04-08-2018 05:09 PM - edited 03-01-2019 06:07 AM
This document discuss a common issue observed during the VMM integration & VM workload migration to ACI fabric.
VMware Virtual machines are hosted in Cisco UCS-B series blade servers (ESXi servers). UCS Fabric interconnect is connected to leaf101 & leaf102 (vPC - LACP active).
EPG "abegeorg:webinar:app" has a VMM domain (VMWare DVS) deployed, so the corresponding port-group will be created for VMWare DVS.
Once the VMM integration (VMWare DVS) is completed and migrated the VM workload to ACI managed DVS, intermittent connectivity issue is observed with the newly migrated VM. Users are experiencing the slowness in accessing the services, sometimes services are not accessible.
The example VM considered for this troubleshooting is IP -> 10.10.92.1/24, the default GW of this endpoint is residing in ACI fabric (10.10.92.254/24)
This sections covers common troubleshooting steps can be used to isolate similar issues. You are encouraged to use these steps to troubleshoot such connectivity issues.

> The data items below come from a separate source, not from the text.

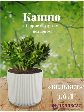 Кашпо ВЕЛЬВЕТ D180мм 3,6л с пристегнутым поддоном Белый ротанг
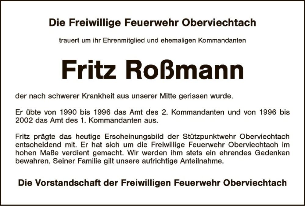 Hier finden Sie alle Traueranzeigen aus der Zeitung, die bisher für Fritz Roßmann erschienen sind. Weitere Traueranzeigen, die in der Zeitung erscheinen, werden hier ebenfalls aufgelistet
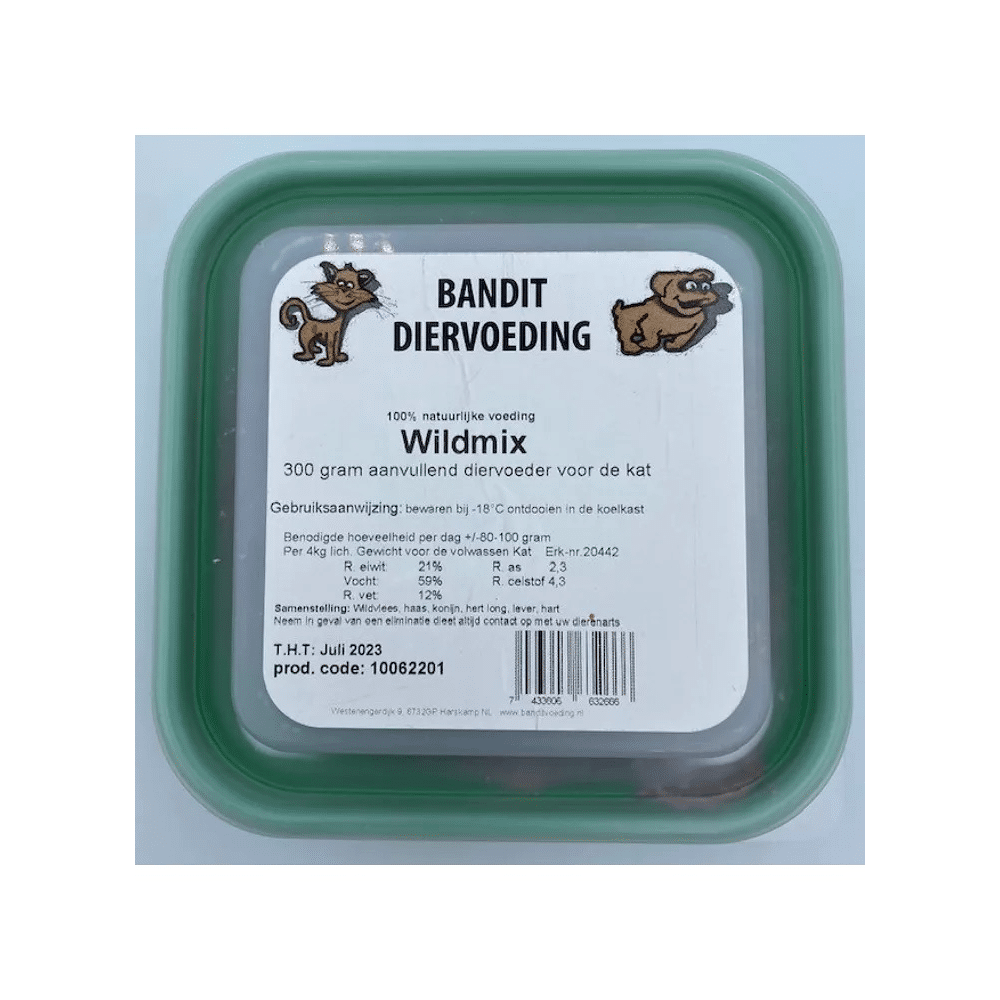 100% wild spiervlees, orgaanvlees (long, lever, hart), haas, konijn en hert
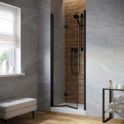 Душевая дверь Vegas Glass EP LUX 90 02M Moru L 90 см L, профиль черный матовый, стекло рифленое
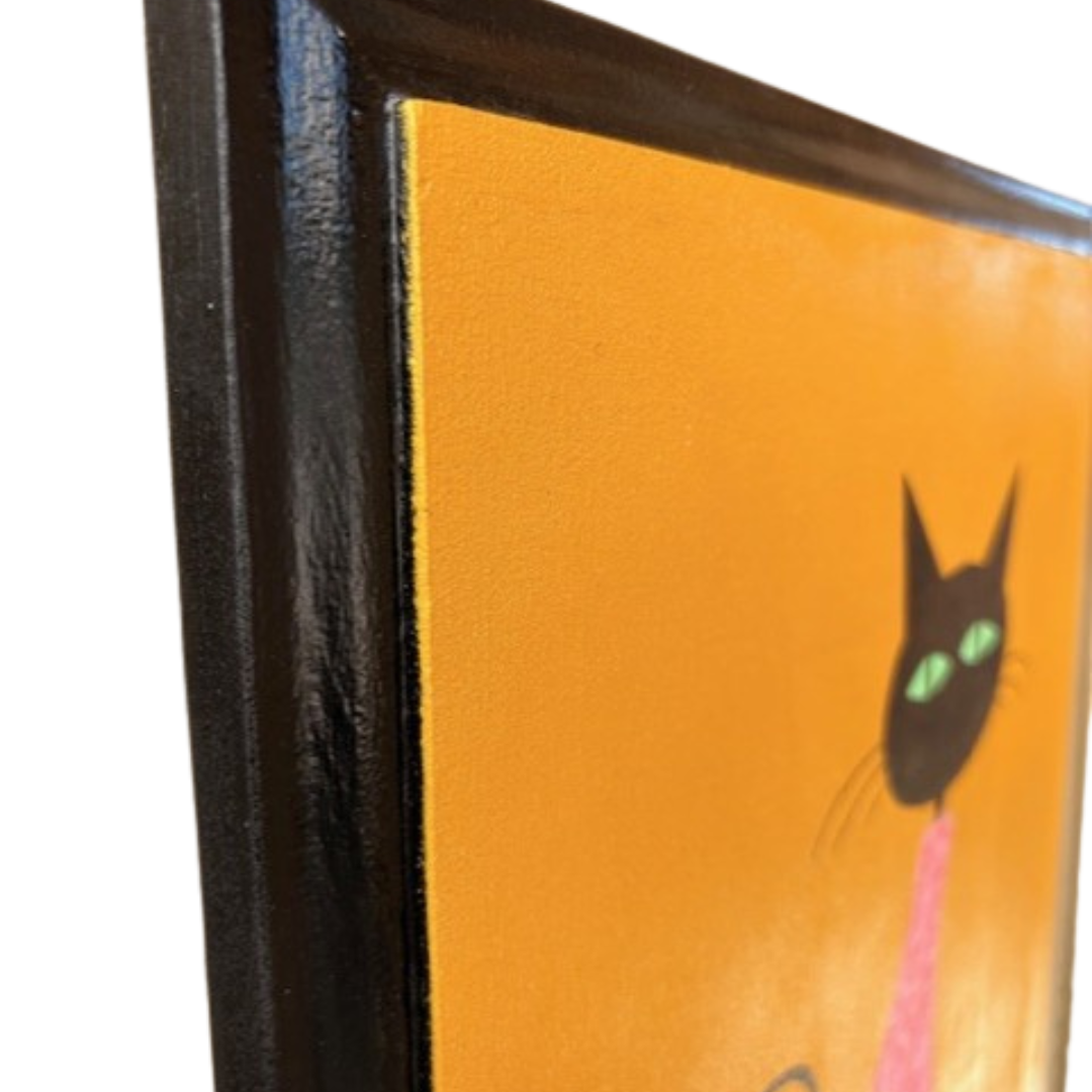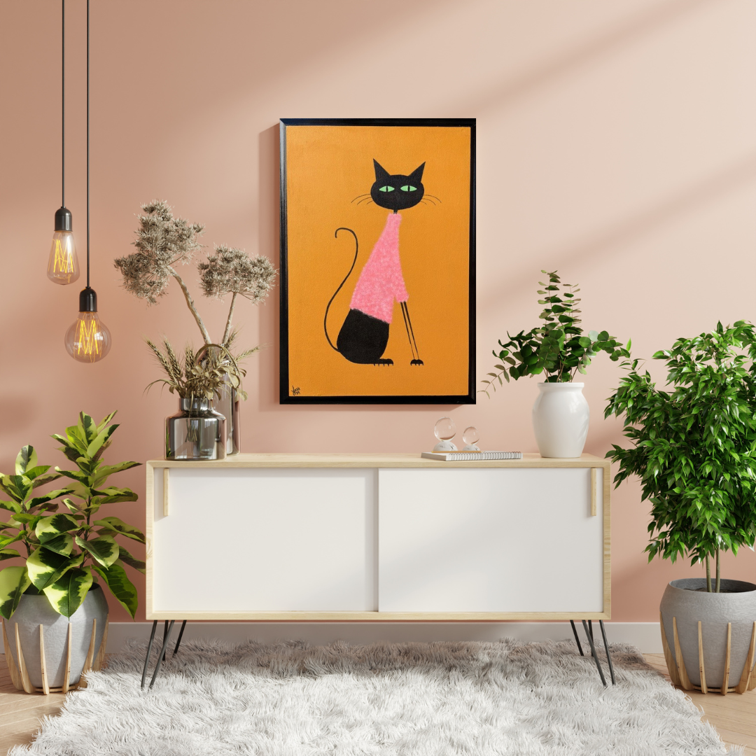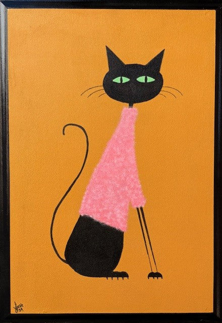 This unique vintage-inspired artwork features a charming black cat dressed in a pink and white sweater, beautifully hand-painted on an upcycled kitchen cupboard door. Blending nostalgic style with sustainable craftsmanship, it adds character and warmth to any space. Perfect for collectors or those seeking a distinctive statement piece with both artistic flair and eco-friendly appeal.

Now, lets check some connectivity state and validate how the ACI fabric is connected to the server (in this case UCS B-Series chassis). The CDP and port-channel output obtained below indicates that the FI-A & FI-B are connected to ACI fabric leaf (leaf101 & leaf102) using vPC. The vPC ports and up.
leaf101# show cdp neighbors
<< snip >>
UCS-ACI-PODs-A(SSI182207R7) Eth1/37 171 S I s UCS-FI-6248UP Eth1/5
UCS-ACI-PODs-B(SSI1822054V) Eth1/38 127 S I s UCS-FI-6248UP Eth1/5
<< snip >>
leaf101#
leaf101# show vpc extended
<< snip >>
691 Po9 up success success 3874-3875,3887 abegeorg-ucs-a-vpc
692 Po10 up success success 3874-3875,3887 abegeorg-ucs-b-vpc
<< snip >>
leaf101#
leaf101# show port-channel extended
<< snip >>
9 Po9(SU) abegeorg-ucs-a-vpc LACP Eth1/37(P)

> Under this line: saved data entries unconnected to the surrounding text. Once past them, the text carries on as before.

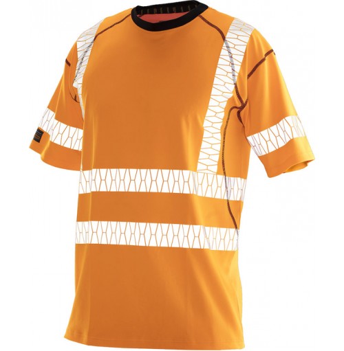 T-shirt i permanent wicking polyester som transporterar bort fukt från huden och håller dig torr. Tyget är speciellt konstruerat för att skydda mot solens ultravioletta strålar, certifierat UPF 40+. T-shirten har bra passform som ger bra rörelsefrihet. Svarta detaljer i halsringningen gör smuts mindre synlig. Flatlocksömmar i svart och printad etikett i nacken. Påvärmda reflexer utan sömmar i Jobman design. Reflexer över axlarna för ökad synbarhet.
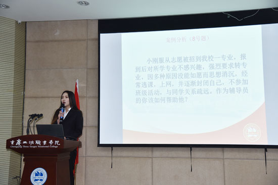 为贯彻落实党的十九大、全国和全市高校思想政治工作会议精神,切实落实好立德树人根本任务,推动《普通高等学校辅导员队伍建设规定》(教育部令第43号)、《高等学校辅导员职业能力标准(暂行)》和《普通高等学校辅导员培训规划(2013-2017年)》的有效实施,引领我院辅导员职业化、专业化发展,提高辅导员职业能力和服务水平,促进辅导员间相互交流学习和提升,选拔优秀选手参加重庆市辅导员技能竞赛,12月14日下午,米兰体育网页版第六届辅导员职业技能大赛在博雅楼207多媒体室举行。米兰体育网页版党委书记陈章、米兰体育网页版副院长杨建宏出席本次比赛。全院专兼职辅导员和部分学生代表观看了比赛。
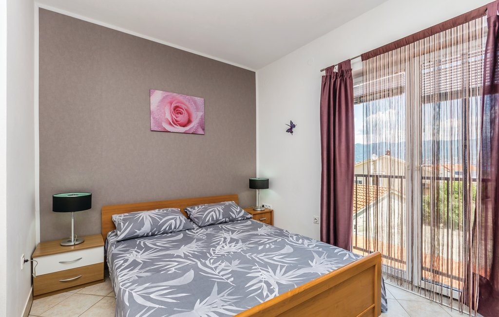 Das modern und gemütlich eingerichtete Apartment liegt im Dachgeschoss des Hauses und bietet Platz und Komfort für 2 bis 3 Personen. Im Apartment finden Sie ein Esszimmer mit gut ausgestatteter Küche, ein Schlafzimmer mit einem Doppel- und einem Einzelbett, ein Badezimmer mit Dusche und WC. Das Apartment bietet zudem einen Balkon mit Bestuhlung und schönem Meerblick. Im Außenbereich erwartet Sie die gemeinsame Terrasse mit Liegen, Grill und mit wunderschönem Swimmingpool.

10 Po10(SU) abegeorg-ucs-b-vpc LACP Eth1/38(P)
leaf101#
leaf102# show cdp neighbors
<< snip >>
UCS-ACI-PODs-A(SSI182207R7) Eth1/37 165 S I s UCS-FI-6248UP Eth1/6
UCS-ACI-PODs-B(SSI1822054V) Eth1/38 121 S I s UCS-FI-6248UP Eth1/6
<< snip >>
leaf102#
leaf102# show vpc extended
<< snip >>
691 Po8 up success success 3874-3875,3887 abegeorg-ucs-a-vpc
692 Po9 up success success 3874-3875,3887 abegeorg-ucs-b-vpc
<< snip >>
leaf102#
leaf102# show port-channel extended
<< snip >>
8 Po8(SU) abegeorg-ucs-a-vpc LACP Eth1/37(P)
9 Po9(SU) abegeorg-ucs-b-vpc LACP Eth1/38(P)
leaf102#
In this case, the default GW of the VM workload is at the ACI fabric. So, lets do some connectivity test from ACI fabric. The iping result indicates that there are intermittent ping drops, the connectivity from the ACI fabric itself is having issue.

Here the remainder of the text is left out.